# Composition of Continuous Random Variables, finding distribution

Where to from here...

Problem: If $U$ and $Y$ are continuous random variables, show that if ${U}$ has uniform $[0,1]$ distribution, then the random variable: $$Y = \tan(\pi U −\frac{\pi}{2})$$ has the Cauchy distribution.
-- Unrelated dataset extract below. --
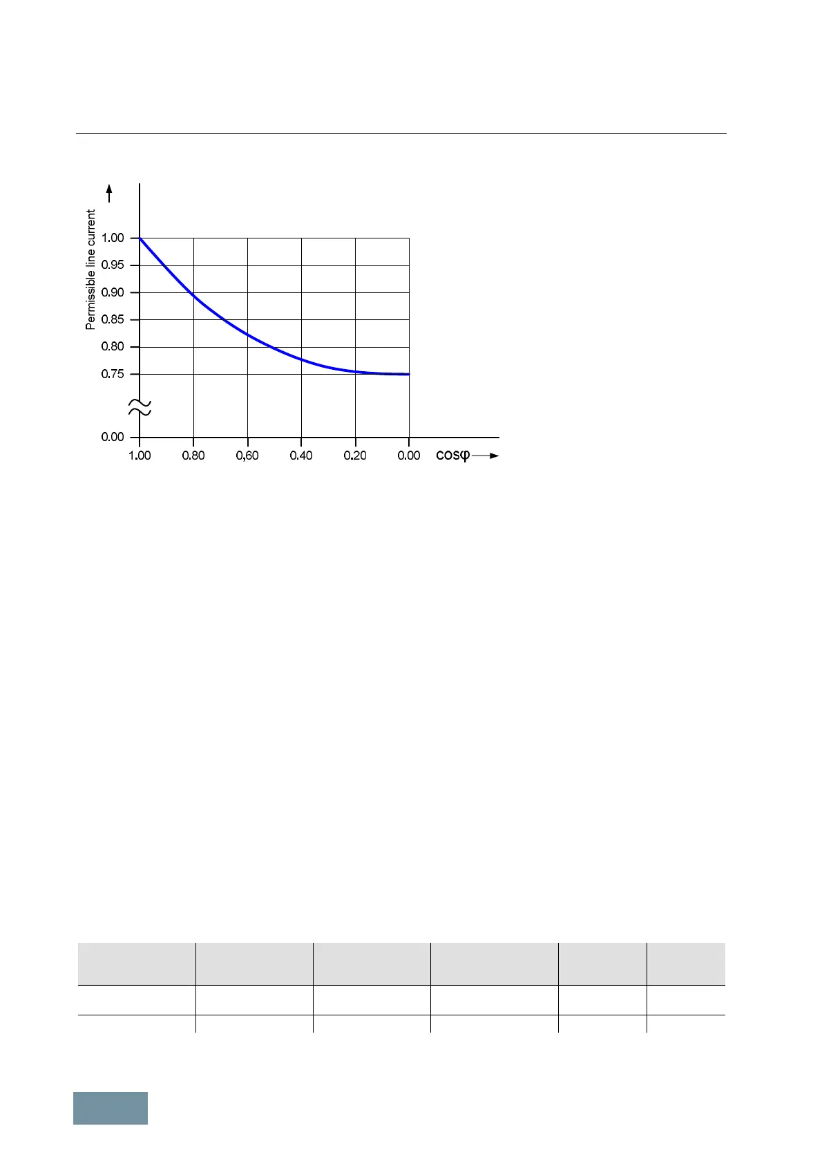 Permissible line current of the SINAMICS Active Infeed as a function of the line-side power fundamental factor cosφ
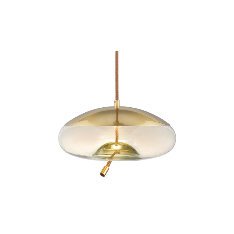 The Geneva Pendant is a beautifully crafted lighting piece that combines traditional glasswork with modern design elements. The glass has a soft amber hue, creating a warm and inviting glow, while the LED light provides energy efficiency. The iron fittings, finished in a brass color, curve elegantly over the top of the pendant, directing the light downward and adding a touch of sophistication.

Start of a Solution: Firstly, since $U$ is the uniform distribution on $[0,1]$, $u \in [0,1]$. Now, let $F_{Y}(y)$ be the probability distribution function where: $$F_{Y}(y) = \mathbb{P}(\{x \in [0,1] : \tan(\pi u - \pi/2 \leq y \})$$

This is equivalent to: $$F_{Y}(y) = \mathbb{P}(\{ x \in [0,1] : u \leq \frac{1}{\pi}(\arctan( y )) - \frac{1}{2}\})$$

This is where I need further justification: intuitively, I'd say hey, that condition on the right looks an awful lot like the distribution function I want... but how do I get there from here?

Thanks!

More clearly, \begin{align*} F_Y(y)&=\mathbb P(Y\leqslant y)=\mathbb P\Big(\tan(\pi U -\pi/2)\leqslant y\Big)=\mathbb P\Big(U\leqslant \frac{1}{2}+\frac{1}{\pi}\arctan y\Big)\\ &=F_U\Big(\frac{1}{2}+\frac{1}{\pi}\arctan y\Big)=\frac{1}{2}+\frac{1}{\pi}\arctan y. \end{align*} Then $Y$ forms the (standard) Cauchy distribution.